> _Records provided_:
────────────────────
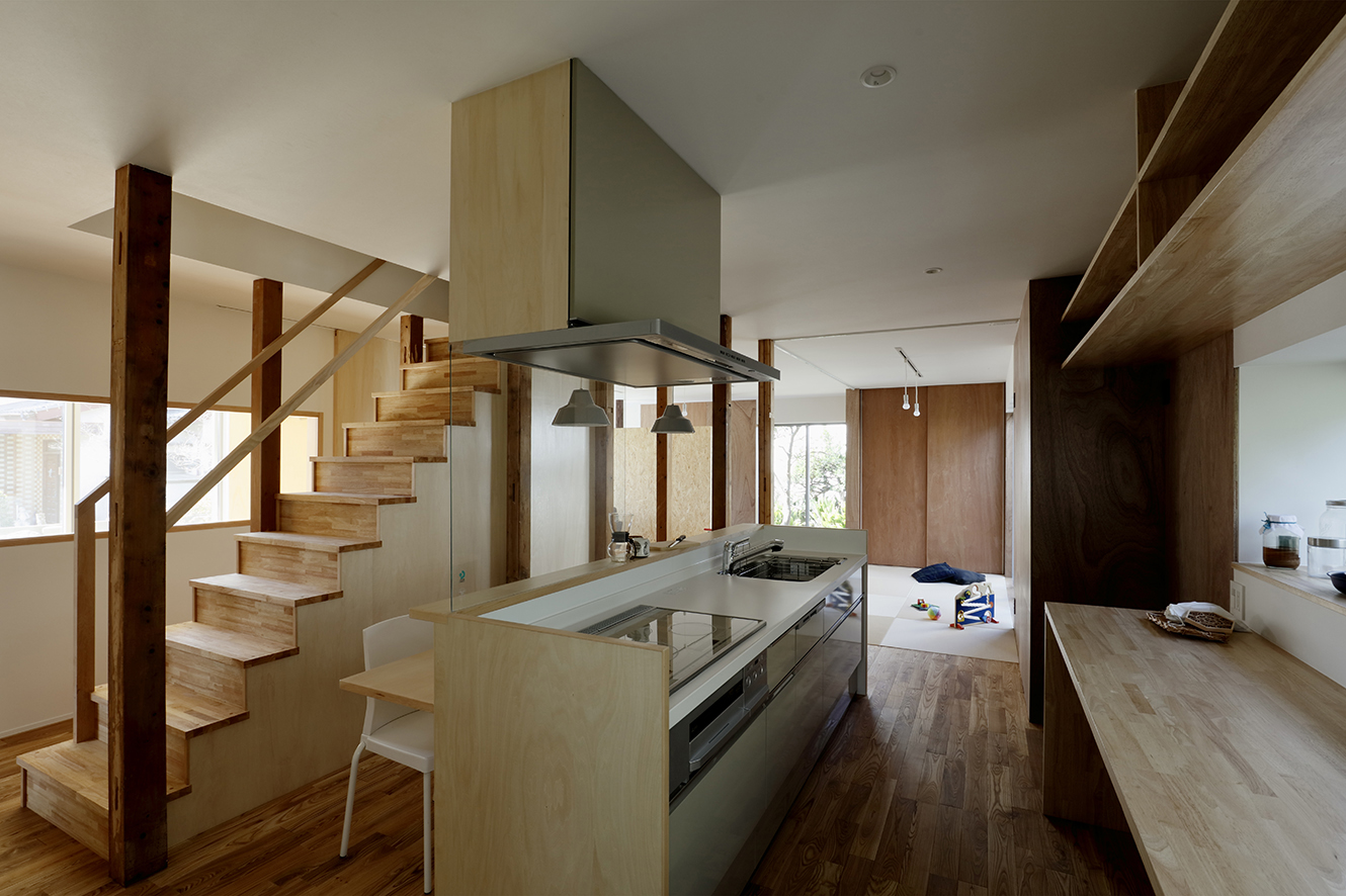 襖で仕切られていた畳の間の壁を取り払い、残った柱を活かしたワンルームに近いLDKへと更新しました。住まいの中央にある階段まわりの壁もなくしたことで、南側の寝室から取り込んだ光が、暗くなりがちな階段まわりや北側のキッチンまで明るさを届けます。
────────────────────
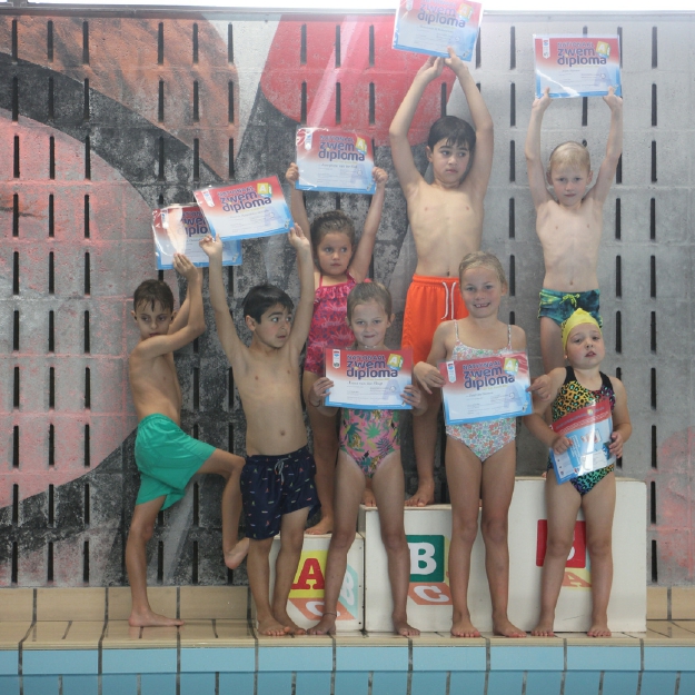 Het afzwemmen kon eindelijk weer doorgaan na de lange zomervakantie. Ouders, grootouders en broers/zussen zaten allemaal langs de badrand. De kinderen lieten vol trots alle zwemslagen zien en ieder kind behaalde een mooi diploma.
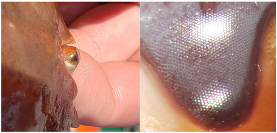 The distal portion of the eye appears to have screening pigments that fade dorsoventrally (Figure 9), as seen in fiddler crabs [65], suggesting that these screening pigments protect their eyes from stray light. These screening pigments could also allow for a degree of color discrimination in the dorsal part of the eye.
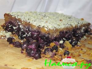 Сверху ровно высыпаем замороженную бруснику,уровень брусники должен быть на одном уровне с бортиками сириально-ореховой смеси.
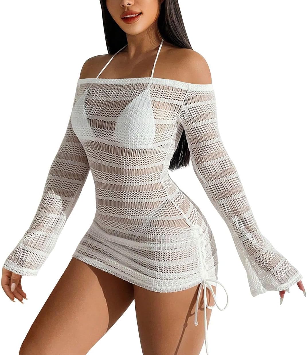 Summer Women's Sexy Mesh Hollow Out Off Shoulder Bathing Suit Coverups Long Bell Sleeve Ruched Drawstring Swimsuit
────────────────────
> _Assignment_: Beginning at the line that has "Сверху ровно высыпаем" and ending at the line that has "Summer Women's Sexy", restate the listing above word for word, pictures left out.

> _Solution_:
 Сверху ровно высыпаем замороженную бруснику,уровень брусники должен быть на одном уровне с бортиками сириально-ореховой смеси.
 Summer Women's Sexy Mesh Hollow Out Off Shoulder Bathing Suit Coverups Long Bell Sleeve Ruched Drawstring Swimsuit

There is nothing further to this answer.